The expected output is every line of the data exactly as shown, minus the images.

| Data extract |
------------------------------
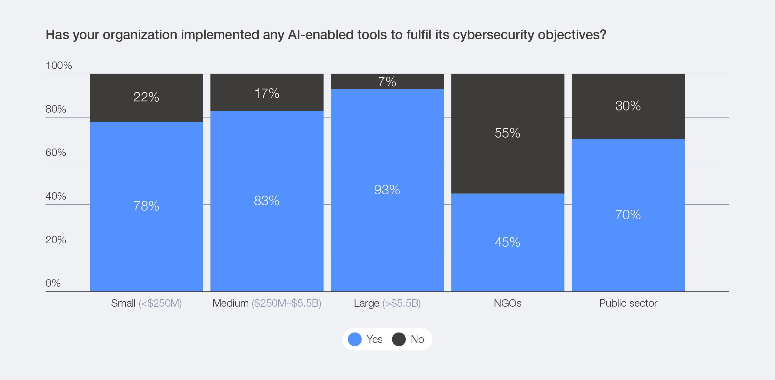 While the evolving threat landscape remains the foremost concern, the lack of cybersecurity expertise ranks as the second-most significant challenge – NGOs (51%) and the public sector (57%). When comparing small and large organizations, the data reveals a persistent divide: 46% of small organizations report a lack of cybersecurity skills and expertise, compared with 29% of large organizations.
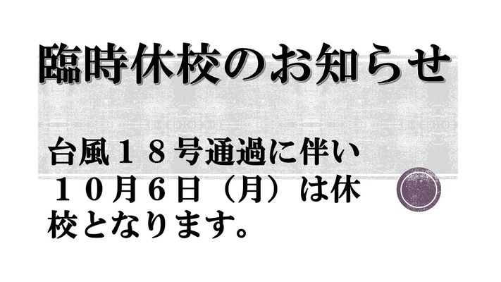 台風18号の通過に伴い,10月6日(月)は休校となります。
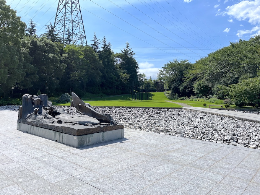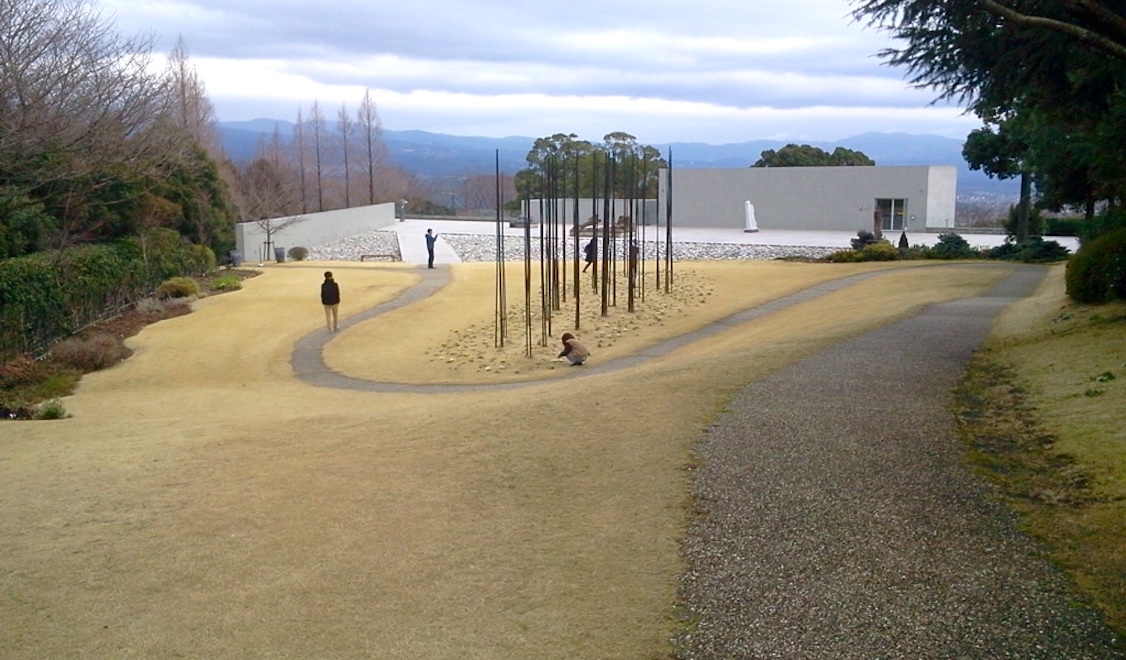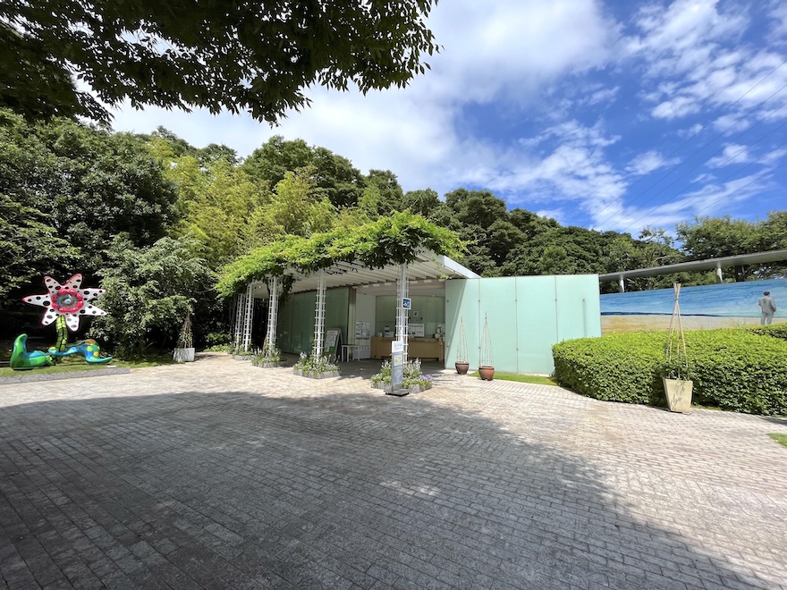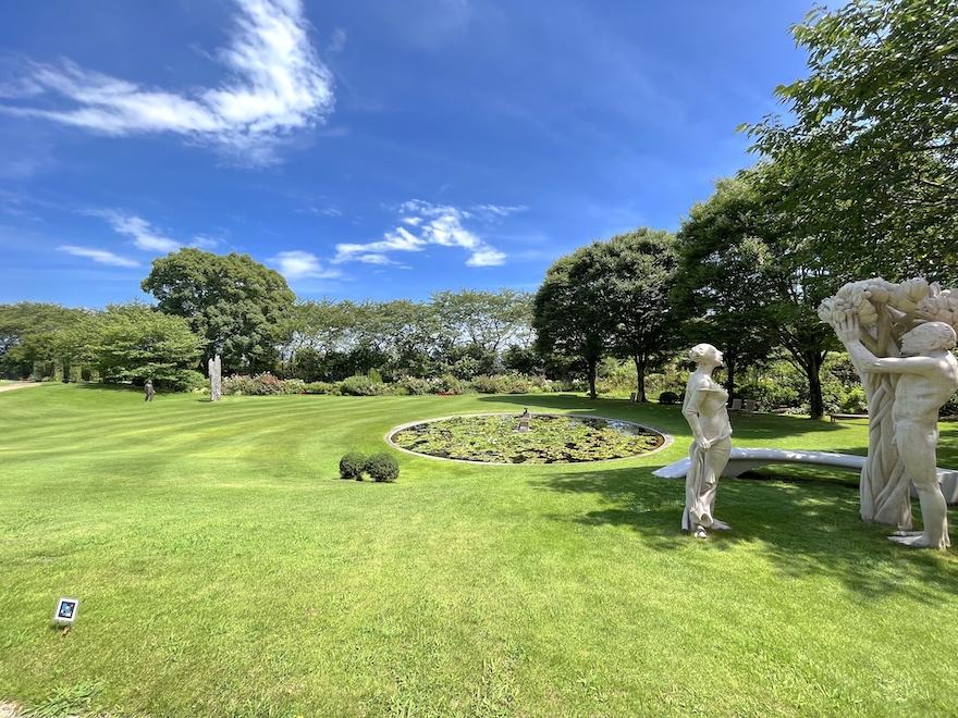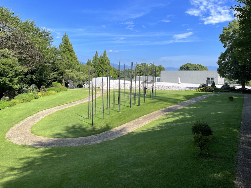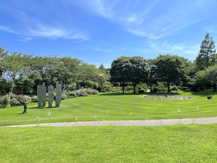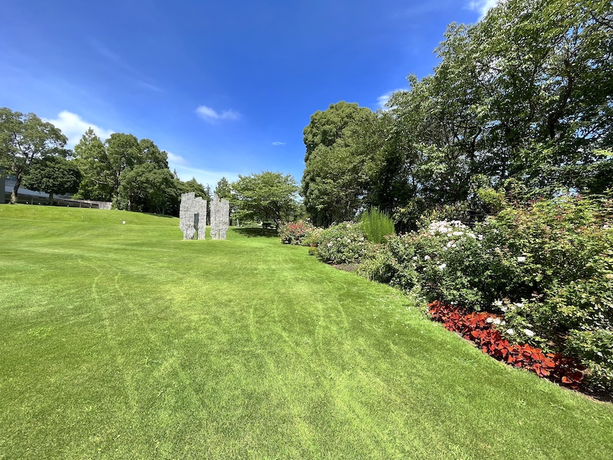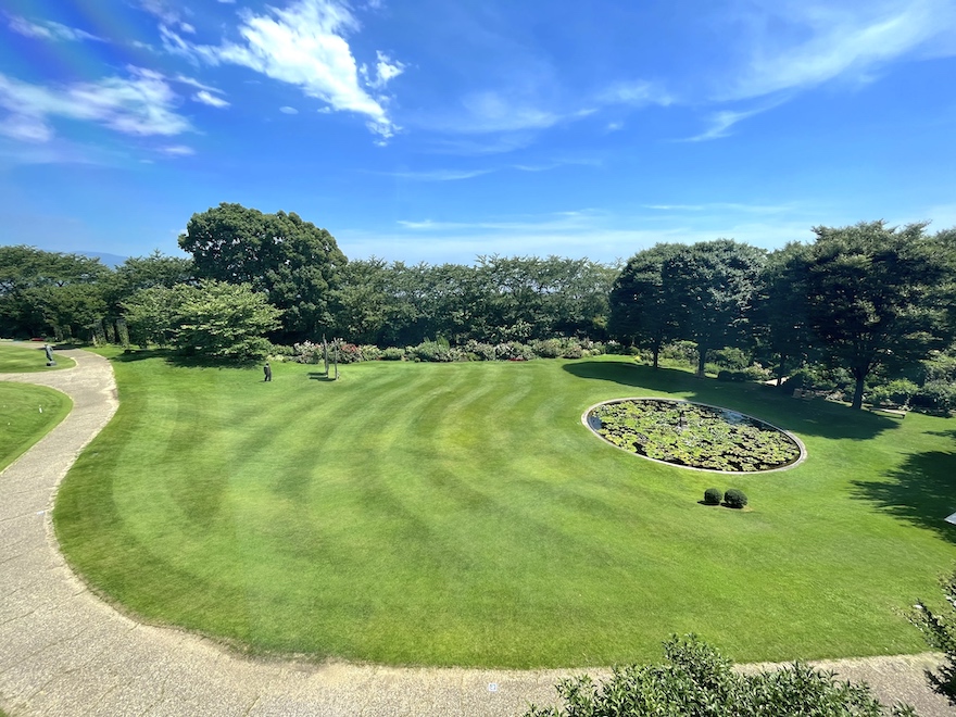 庭園はざっくり分けて2箇所。草間彌生さんの作品に迎えられるアプローチ〜展示デッキに至る“上部庭園”と、広い芝庭の中に“鏡池”“クレマチス ホワイトガーデン”“ローズガーデン”“くすの木の丘”からなる洋風の池泉回遊式庭園。上部庭園からは伊豆の山並みの借景も!(*以前「晴れたら富士山が借景に」とか書いてましたがそれは嘘でした…)
------------------------------
| Result for this task |
 While the evolving threat landscape remains the foremost concern, the lack of cybersecurity expertise ranks as the second-most significant challenge – NGOs (51%) and the public sector (57%). When comparing small and large organizations, the data reveals a persistent divide: 46% of small organizations report a lack of cybersecurity skills and expertise, compared with 29% of large organizations.
 台風18号の通過に伴い,10月6日(月)は休校となります。
 庭園はざっくり分けて2箇所。草間彌生さんの作品に迎えられるアプローチ〜展示デッキに至る“上部庭園”と、広い芝庭の中に“鏡池”“クレマチス ホワイトガーデン”“ローズガーデン”“くすの木の丘”からなる洋風の池泉回遊式庭園。上部庭園からは伊豆の山並みの借景も!(*以前「晴れたら富士山が借景に」とか書いてましたがそれは嘘でした…)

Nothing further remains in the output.